What it will take to unite our nation

Seventy-five years ago, my grandparents lost nearly everyone they loved in the Holocaust and came with my mother as refugees to this country, where they were able to build new lives and call themselves Americans.

Today, when I hold my daughter’s tiny toddler hands in mine, I think of how my grandmother became an orphan, and of the agony of mothers and children seeking safety in our own country only to be turned away, torn apart or put behind bars.

Unfortunately, in the lead up to the midterm elections, we are experiencing an all-too-familiar cycle, where politicians find scapegoats for today’s complex challenges and emphasize the issues that divide us, rather than our shared interests and values. From Native American families to enslaved people to our conflicted history with immigration, America has always hung in the balance between ideals and fear-based reactions. We see this division growing with the use of dehumanizing language at the highest levels. It is all too easy for this cycle of ‘othering’ to spiral downward, as some of us are defined as legitimate Americans, others as unwanted, illegal, or criminal. I know where that cycle can go; it is the reason my family sought refuge here. It is also the reason why democracy so consistently has fallen short of its promise of equal opportunity for all, and is today more fragile than ever.

It doesn’t have to be this way. We can decide to be welcomers.

After a decade of working with communities that represent a microcosm of America when it comes to immigration, I believe there are reasons to be hopeful, and lessons for the path forward, if we look to local practices rather than federal rhetoric and gridlock.

First, we need to acknowledge the changes our communities have experienced and move forward in ways that lift up all Americans. Many places across the U.S. have changed as a result of migration, and language and cultural differences can get in the way of people getting to know their newest neighbors – leading to fear and misunderstanding, rather than the opportunity for people to discover what they share in common.

Nashville, Tennessee in 2005 was a city, much like others in the South, whose immigrant population had grown quickly  Couple that rapid and unfamiliar growth with political fear mongering and you have a toxic brew, a white-hot nexus of nativism. What the organizers of the Welcoming Tennessee initiative recognized was that both newcomers and long-time residents felt alienated, and they worked to find common ground across shared values. Nashville ultimately beat back the nativist voices that were clamoring for people who were caught in the ambivalent middle, and set Nashville on a path to becoming among the nation’s most welcoming – and prosperous – cities in the nation.

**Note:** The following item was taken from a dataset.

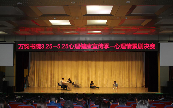 西京网讯:为了提高大学生对心理问题的认识,增强处理问题的能力,针对当下大学生的心理敏感话题和在生活中所遇到的问题,反映其精神面貌和心理成长历程,同时积极响应心理健康宣传季,5月10日下午,万钧书院心理情景剧决赛在小礼堂举行,来自书院的七个辅导员代表队伍进行激烈角逐。我校大学生发展与服务中心张京鹏主任、心理中心李娜老师、博雅书院心理辅导站站长蔺致远老师、万钧书院鹿秀娟老师担任了此次评委,万钧书院全体辅导员、书院各班级心理委员、宿舍心理委员和学生代表参加了此次活动。

Secondly, to change the norm, we need to provide a superior alternative. Again, communities provide a powerful example. Dayton, Ohio was among the first to do so. In 2011, the city brought leaders together to create a plan that expressed core values of inclusion and sought ways to attract – rather than expel – immigrants. That work continues, and the benefits to Dayton – and others in the Midwest who have followed – has been a reversal of a 50 year decline in population, and the reinvigorating of neighborhoods and storefronts as newcomers put down roots, open businesses, and contribute to the tax base and a renewed civic fabric.

Local communities are getting this right. Elected officials, residents, and business, faith, and civic leaders are coming together to proactively welcome all people who call their cities and towns home, and to develop the local policies and programs that set the stage for all people to contribute to their greatest potential. These places and their leaders remind us of the values that we hold, and show that we can create a future that everyone can be a part of and which lifts up all Americans. Not just in theory, but in practice.

If we want to enshrine the value of being a welcoming nation in such a way that moments such as those we’re witnessing become unthinkable, supporting local leaders who have the legitimacy and trust of their communities is a way to quickly do so at the scale and in the geographies we need to break the cycle and build a stronger and more prosperous democracy. I believe that the U.S. can still be that beacon to the world of how people from all backgrounds can live together in peace and prosperity – and communities will light the way forward.

Rachel Peric is the executive director of Welcoming America and a founding board member of Art and Remembrance.